В итоге, у всех элементов полного имени героя есть оборотная сторона, раскрываемая ситуативно, являющаяся квинтэссенцией его комедийной рекомендации. Самоопровержения обусловлены и внутренними, и внешними причинами. Саркастическая поза автора закономерна, поскольку герой окарикатуривает идеал, но вместе с тем автора тревожит разрушение нравственно-этического эталона, заповеданного именем. Так, по Грибоедову, от противного утверждается насущный смысл человеческой жизни. Много позже Чехов, изображая футлярного Беликова, подскажет читателю собственное представление об идеально прекрасном: стоит только стереть с подписи под ученической карикатурой - «влюблённый антропос» - её конкретно-сокрушительное значение.

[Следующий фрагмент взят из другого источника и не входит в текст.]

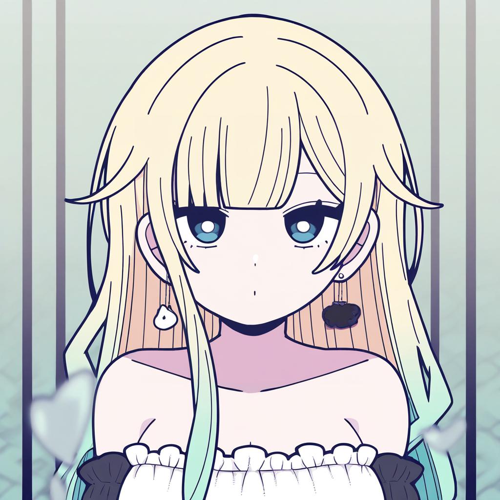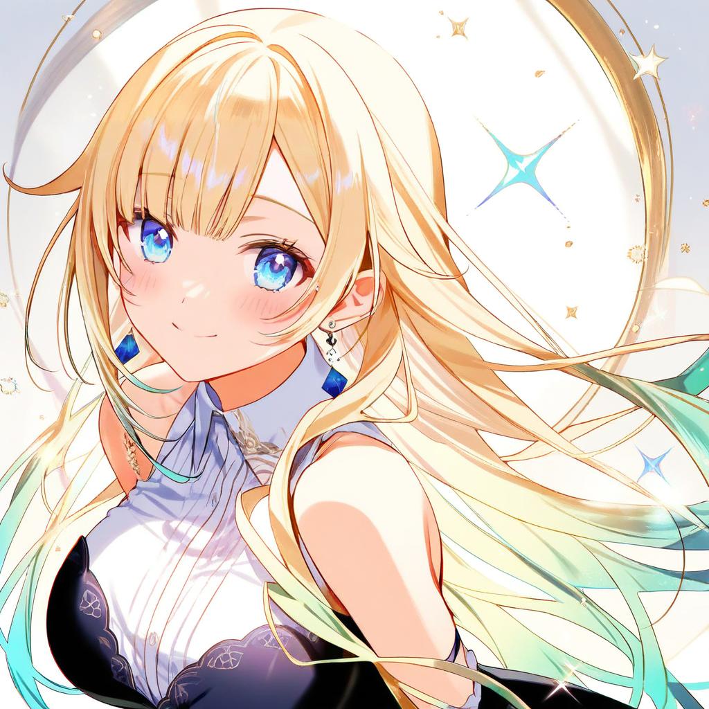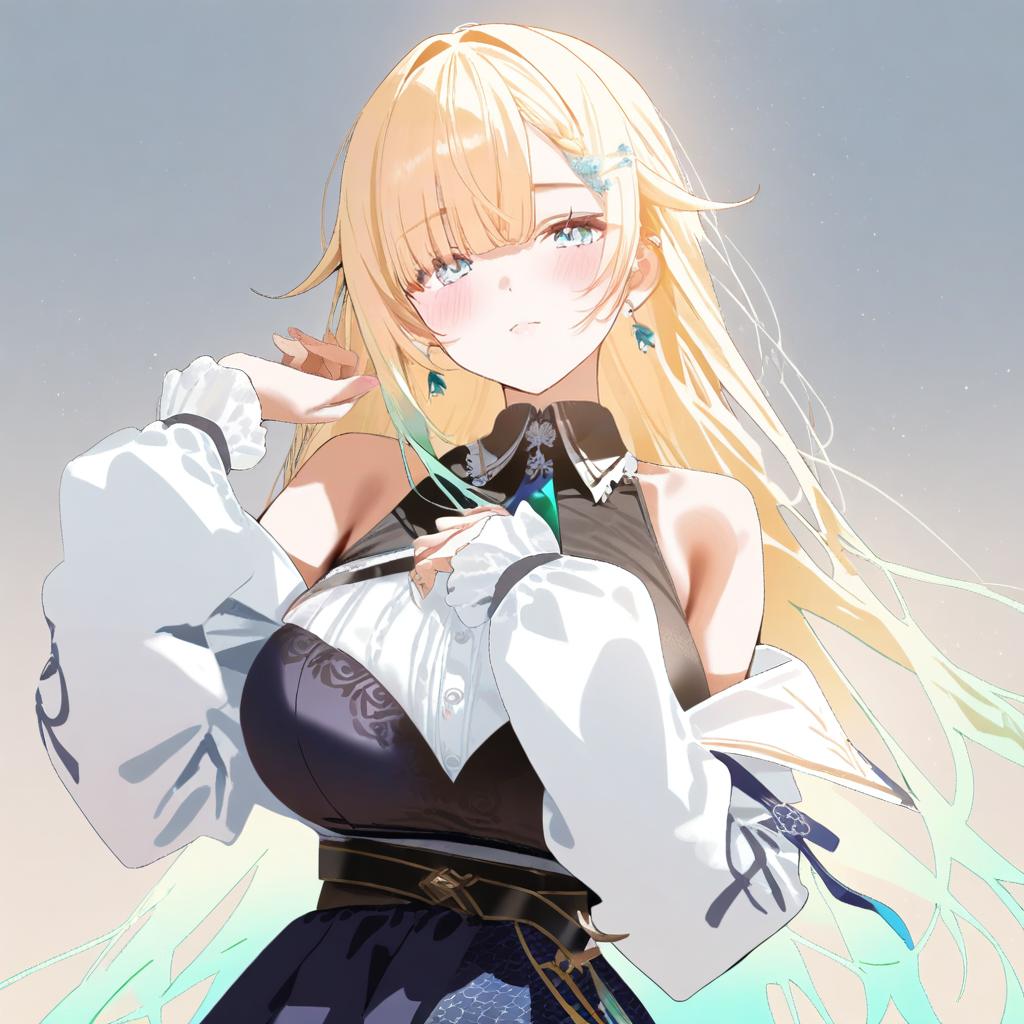 Aizawa ema, vspo!, 1girl, blue eyes, blonde hair, gradient hair, very long hair, blue hair, green hair, long hair, blunt bangs, hair flaps, large breasts, bare shoulders, virtual youtuber, virtual youtuber, earrings, by artist jiru (jirufun), animagine

Для постижения «искреннего вмешательства души автора» [8, с. 58] в чеховском «Студенте» обратимся к тем же вербально выраженным компонентам. Имя сына заштатного дьячка вовсе не экзотично, оно - из самых распространённых. Индивидуально-судьбоносное в нем стушевывается, но в нашем соотношении типичное и «далеко не так однозначное» имя показательно. Оно является «русской формой древнееврейского Иоанн - милость Божия», на русской почве впитавшего представления народа «о себе самом, со всеми противоречиями, исканиями и мечтами» [3, с. 173]. Энергетика и карма имени указывают на то, что обладателя его «тянет не командовать, а просто занимать высокое положение в обществе, к чему он и будет идти с завидным упорством» как «вполне самостоятельная личность» [3, с. 173]. Чеховский Иван, судя по тому, чего он достиг, всеми силами выбивается из нищеты. Его «не хотелось домой» [12, с. 306] имеет не только узкое значение, но и - с учётом редкой для молодого человека способности охватывать мыслью и душой многовековые пласты человеческой жизни - расширительное. Упорство в преодолении каждодневных препятствий разжигается не честолюбивым стремлением «просто занимать высокое положение», а желанием самоотверженно служить таким же, как он сам, потребностью вызволять их из вековечных «ужасов» жизни.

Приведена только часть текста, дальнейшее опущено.